1 cup frozen mixed berries (strawberries, blueberries, raspberries)

1 small ripe banana (sliced and frozen)

1/2 cup unsweetened almond milk or light coconut milk

3 tablespoons plain Greek yogurt or plant-based yogurt alternative

1 tablespoon chia seeds (fiber-rich and gluten-free)

Optional: 1 scoop plain or flavored protein powder

Optional toppings: fresh berries, granola, hemp hearts, chia seeds (preferably soaked), shredded unsweetened coconut, nuts, or additional fruit

Instructions

Collect ingredients: Frozen mixed berries, sliced frozen banana, almond milk, chia seeds, and yogurt or a plant-based alternative.

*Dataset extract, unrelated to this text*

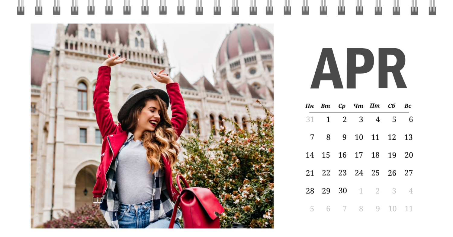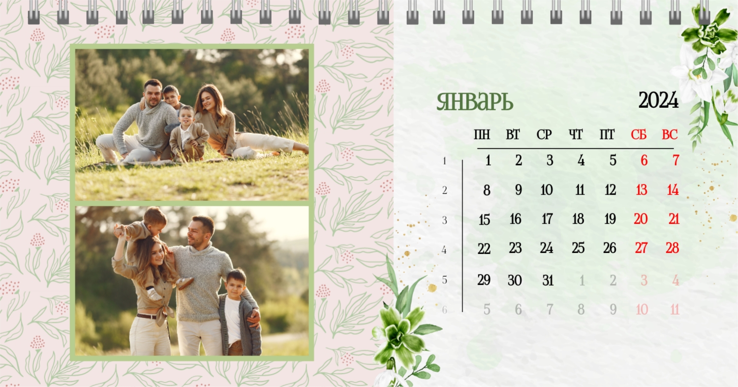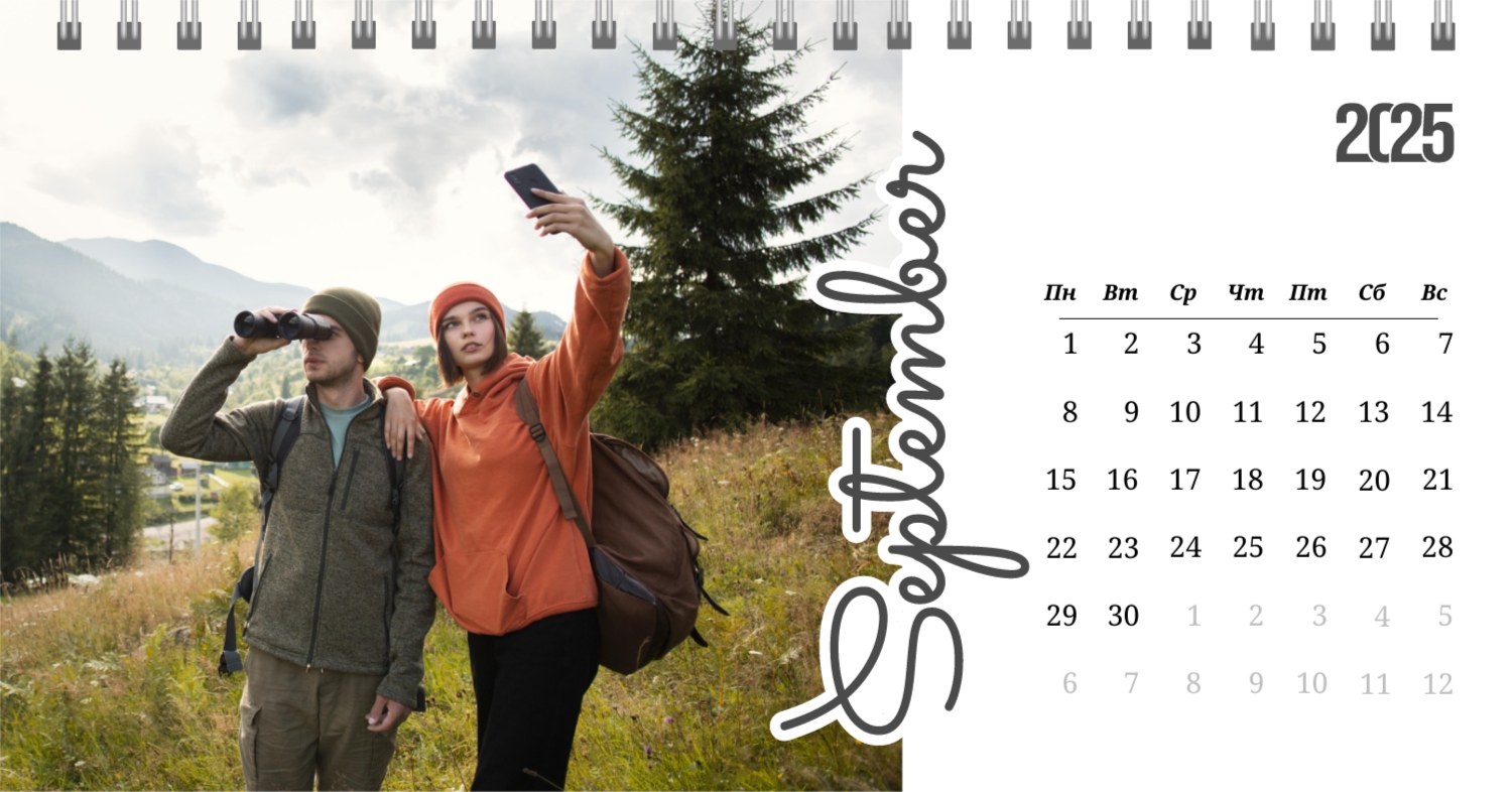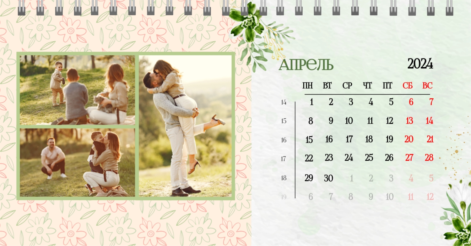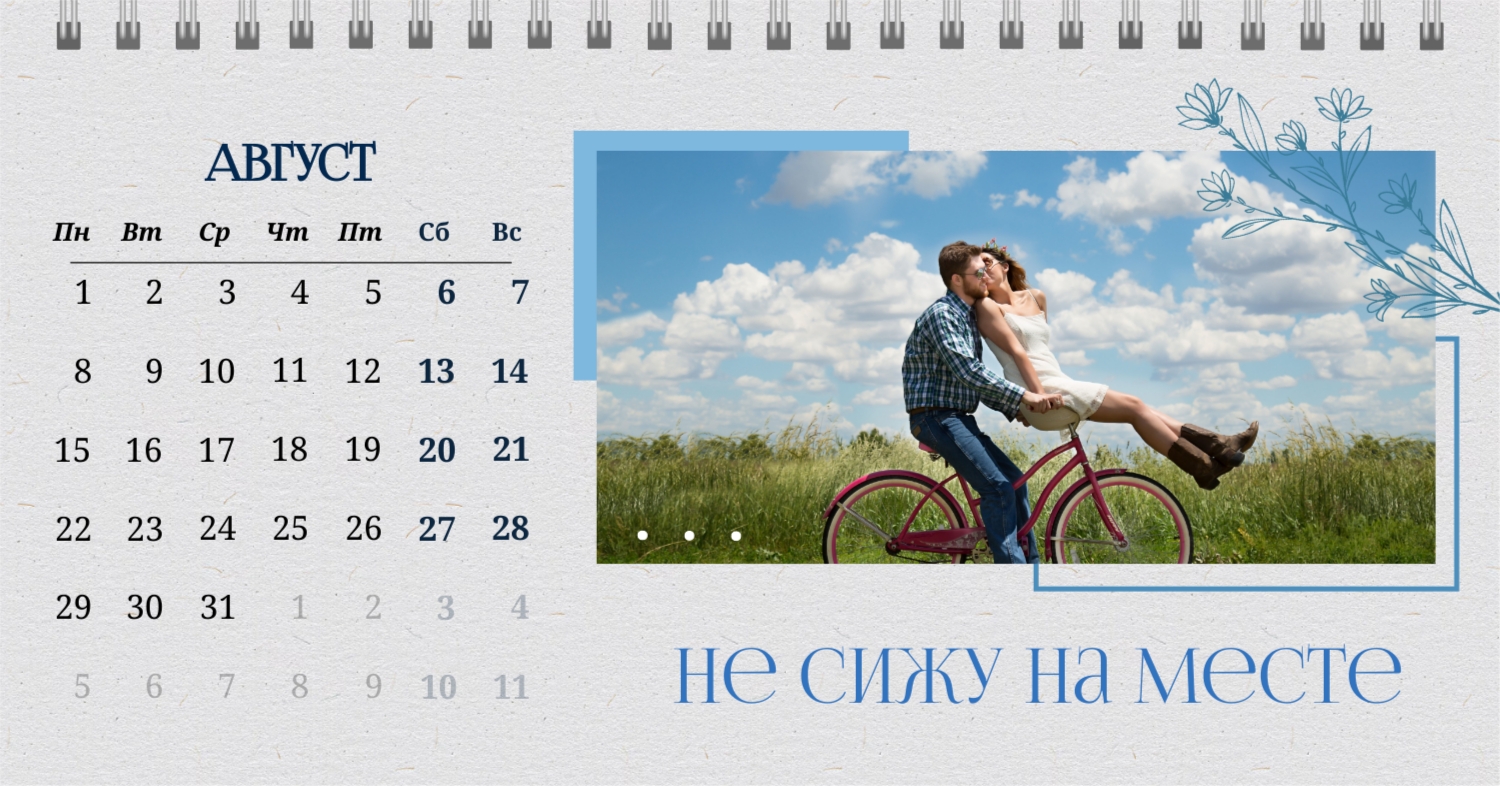 Бесплатный шаблон календаря c лучшими воспоминаниями влюбленной пары. Создайте макет своими руками в конструкторе календарей.

Blend base: Add frozen berries, banana, and almond milk to a high-speed blender. Blend until smooth and creamy, adding milk gradually to reach desired thickness.

Add mix-ins: Incorporate chia seeds and yogurt into the blended mixture. Blend briefly to combine without fully breaking up the seeds.

Serve: Pour the smoothie mixture into a bowl, ensuring a thick, spoonable consistency.

Add toppings: Garnish with fresh berries, sliced banana, granola, nuts, or seeds for added texture and flavor contrast.

Adjust as needed: Modify ingredients or sweeteners based on dietary needs and personal preferences.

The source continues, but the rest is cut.